Determination of minimum inhibitory concentration (MIC) of the most effective antifungal drug (terbinafine) against isolated Candida vaginitis strains

Minimum inhibitory concentration is defined as the lowest concentration of antifungal agents against common Candida strains that inhibits their growth after 48 h of incubation. The most effective antifungal drug (terbinafine), which showed strong antimicrobial activity, was investigated to determine its MIC and to evaluate its efficiency in controlling Candida strains causing vaginitis. A disc diffusion method was used in which 10 ml of SDA medium was poured into sterile petri dishes as a base layer followed by 15 ml of medium seeded with microbial inoculum previously prepared (1 ml of 107 CFU of Candida suspension/100 ml of culture medium) to obtain a final concentration of 105 CFU/ml of medium. Petri dishes were allowed to solidify and sterile filter paper discs (8 mm) loaded with different concentrations of terbinafine (1.25, 2.5, 5, 10, 20, 40 µg/ml) were placed on it. The plates were refrigerated for 2 h to allow terbinafine diffusion throughout the medium, followed by incubation at 37 °C for 48 h. Inhibition zone diameters were measured using Vernier calipers and recorded against the concentration of terbinafine.

Determination of minimum fungicidal concentrations (MFCs) of the most effective antifungal drug (terbinafine)

Minimum fungicidal concentration (MFC) is defined as the lowest concentration of antifungal agent showing microbicidal activity, i.e., no microbial growth. MFC is an indicator of the dosage required for complete eradication of Candida growth. Streaks were taken from inhibition zones of MIC concentration and two other successive concentrations, and subcultured onto freshly prepared SDA plates. The plates were incubated at 35 °C for 48 h and examined for microbial growth.

Results

Sample collection and preliminary identification

About 205 vaginal swabs from the 394 clinical samples tested positive for vaginitis infection. Incidence of vaginitis in pregnant and non-pregnant women was 65.9% and 44.5%, respectively, as seen in Table 1. Candida vaginitis was the main cause of vaginal infections (58.5%), followed by bacterial vaginosis (41%) and trichomoniasis infections (0.5%). The prevalence of vulvovaginal candidiasis was higher in both, pregnant (64.8%) and non-pregnant women (53.5%), while bacterial vaginosis was more frequently observed in non-pregnant women than in pregnant women, as seen in Table 2. The isolated Candida vaginitis strains were preliminarily identified in order to determine the most predominant disease-causing strains. About 166 isolates of Candida vaginitis strains and 87 bacterial vaginosis strains were isolated, as shown in Table 3. High incidence of vaginal infections among pregnant (57.1%) and non-pregnant (34.2%) women in the age group of 26–35 years was observed (refer Table 4).

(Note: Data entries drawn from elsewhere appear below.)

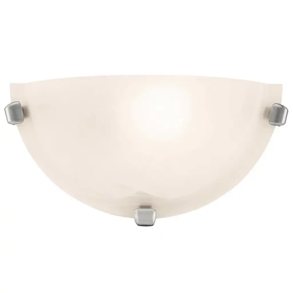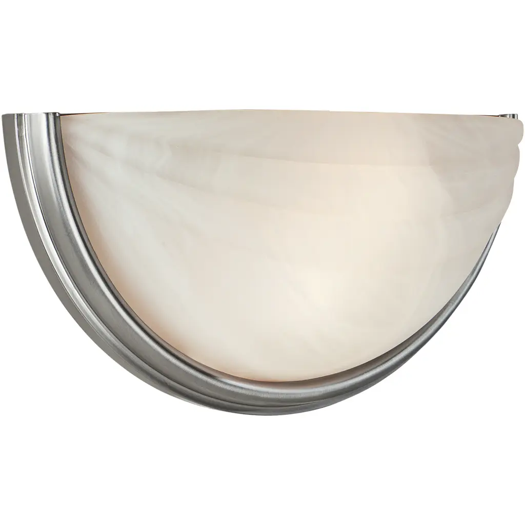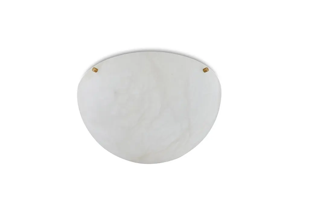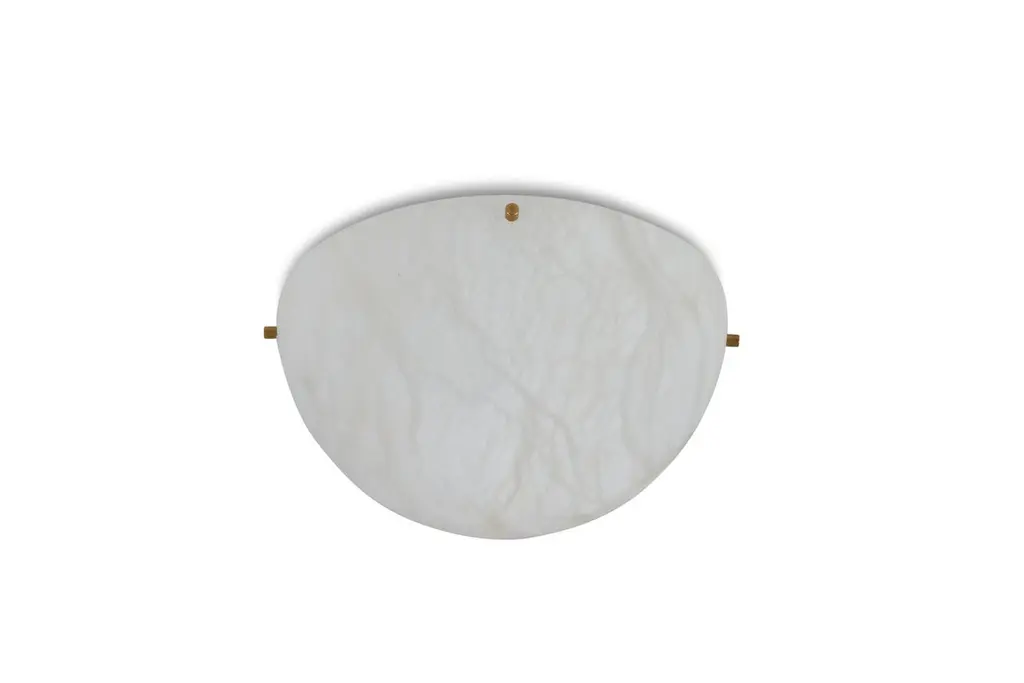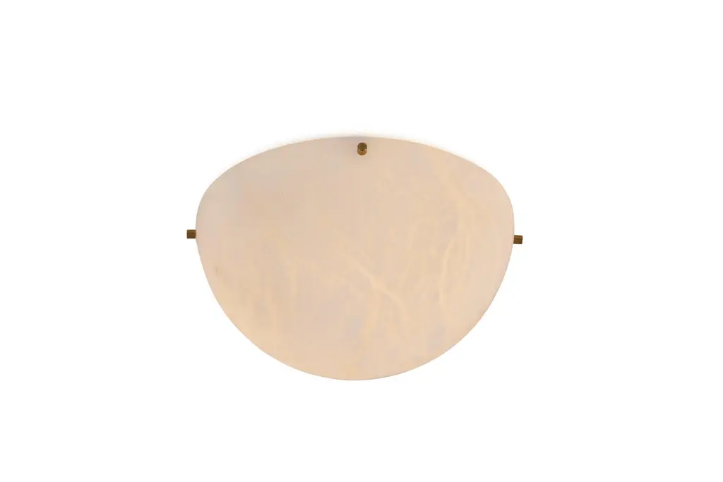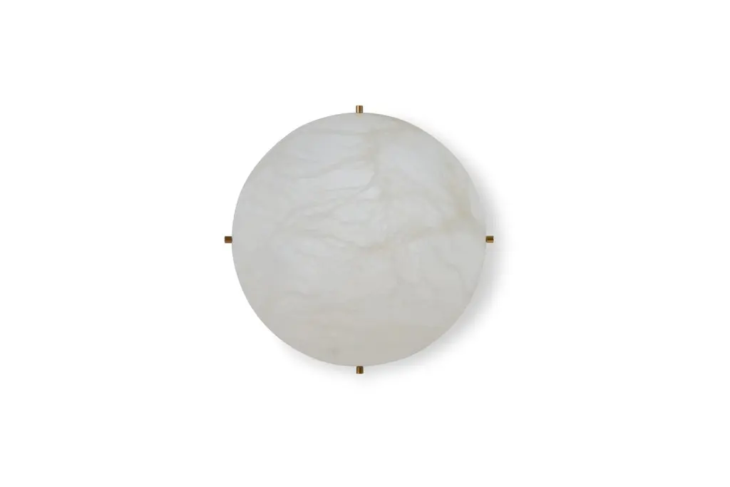 'Moon 4' Alabaster Ceiling or Wall Lamp in the Manner of Pierre ChareauHandcrafted in Los Angeles in the workshop of noted French designer and antiques dealer Denis de le Mesiere, who meticulously pays homage to the work of Pierre Chareau with scrupulous attention to detail and materials. Executed in the highest quality European alabaster half-sphere mounted on a Minimalist steel bracket with four solid brass or nickel caps, this ultra refined design adds a sculptural element and focal point of incomparable beauty. Can be use as a flush mount or sconce.Accommodates 2 x standard candelabra base (e12) LED bulbs. LED only. UL listed.Price is per item. Available in two sizes and with 4 or 8 metal accent pieces around the outer edge. Brass, bronze or nickel hardware available; please specify finish when ordering. This listing is for the smaller sized lamp with 4 accent pieces around its outer edge.Alabaster sphere measures 11" in diameter; total diameter with hardware 11.5". Custom sizes also available for an additional fee and with extended lead times possible.Please note that alabaster can vary from item to item due to the organic nature of the material.Handmade to order in Los Angeles. All sales are final.
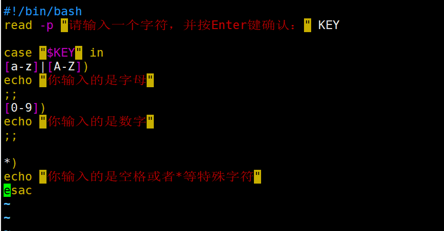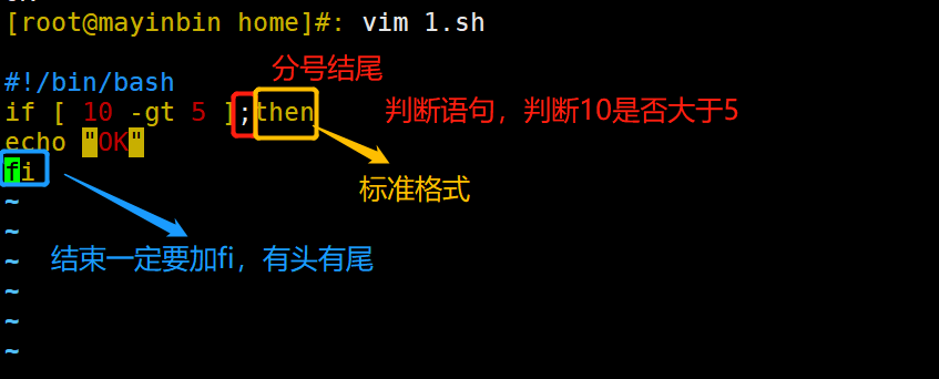 判断条件:test一种形式,[] 中间只能使用 = 和 != 比较字符串,如果使用<、>需要进行转义\.
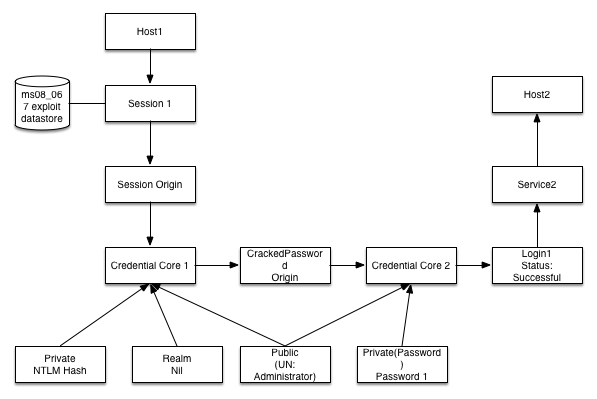 In this example we compromise a machine with the ms08_067 exploit, and get a Meterpreter Session. That Session has an Mdm::session record saved to the database. That Session record includes what exploit was used to open it, and the datastore options that were selected for that particular run. Once we have the session we run the Hashdump post module and get some NTLM Hashes. We get one for the local Administrator account. We create the Public with the Username ‘Administrator', we create an NTLMHash private as well, and then create a Credential Core tying them together. When we create the Core, we also create a session Origin that says this core came from running ‘post/windows/gather/hashdump' against Mdm::Session 1. Now we run ‘auxiliary/analyze/jtr_crack_fast' which feeds those NTLM hashes into John the Ripper and successfully cracks the Administrator hash. We create a new Password object(‘Password1') and create Credential Core 2 which has that Password and uses the same Public object as Credential Core 1. Core 2 has a CrackedPaassword Origin which points back at Core1. We then take Core 2 and use it against an SMB Service on a Second host and successfully login, so we create Login1 which connects that service to Core 2 with a Successful status and a last_attempted_at timestamp of the exact time we successfully logged in.
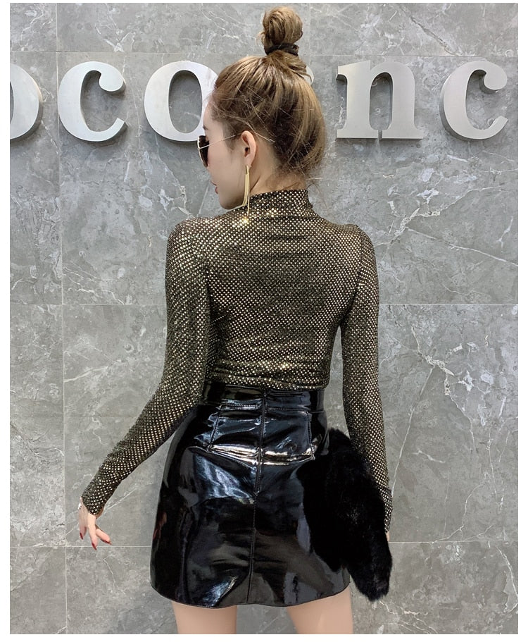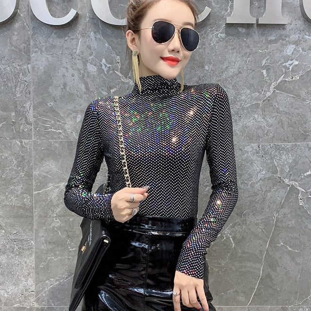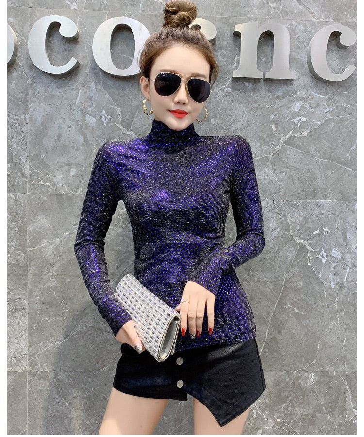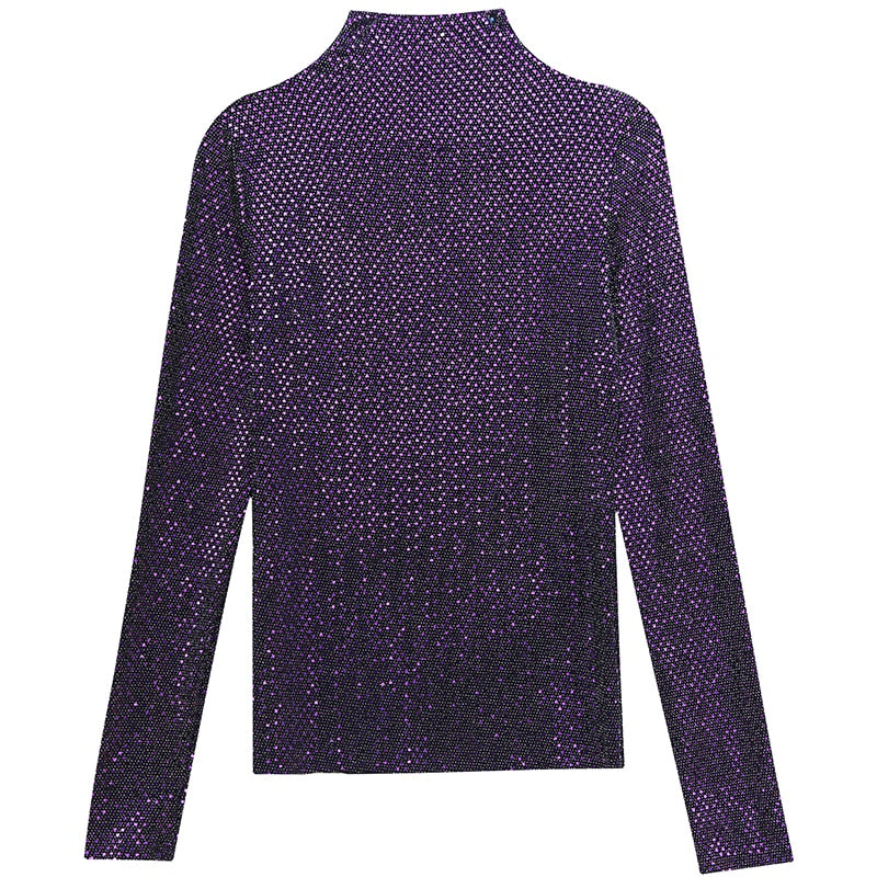 Turtleneck Collared Blouse with Sequin Decoration and Cotton Polyester Material
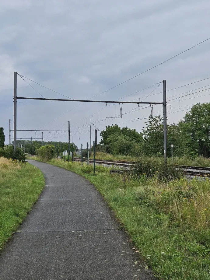 Langs de grote steenweg rij je wel de hele tijd paralel met de oude spoorlijn.
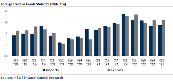 According to the most recent foreign trade in goods report produced by the National Bureau of Statistics (NBS), the total value of Nigeria’s merchandise trade dropped by 18% y/y to NGN12trn in Q1 ‘23. This figure comprises export and import trade balances of NGN6.5trn and NGN5.6trn respectively, which resulted in a net surplus of NGN927bn. The decline in the merchandise trade value can be attributed to decreases in both export and import trade; however, the import trade experienced a more significant decline of -26% y/y. Export trade also decreased by approximately -9% y/y.

Table 1 Positive vaginitis infections among pregnant and non-pregnant women
Table 2 Incidence of Candida vaginitis, bacterial vaginosis and trichomoniasis in pregnant and non-pregnant women
Table 3 Characterization of vaginal microflora isolated from vaginitis patients
Table 4 Relation between age groups and positive culture swabs in pregnant and non-pregnant women

Identification of isolated Candida strains

Primary identification of the isolated Candida strains was achieved by germ tube test, CHROM agar and API20C AUX which revealed Candida albicans to be the most predominant strain (63%) followed by C. glabrata (20%), C. tropicalis (13%) and C. krusei (4%).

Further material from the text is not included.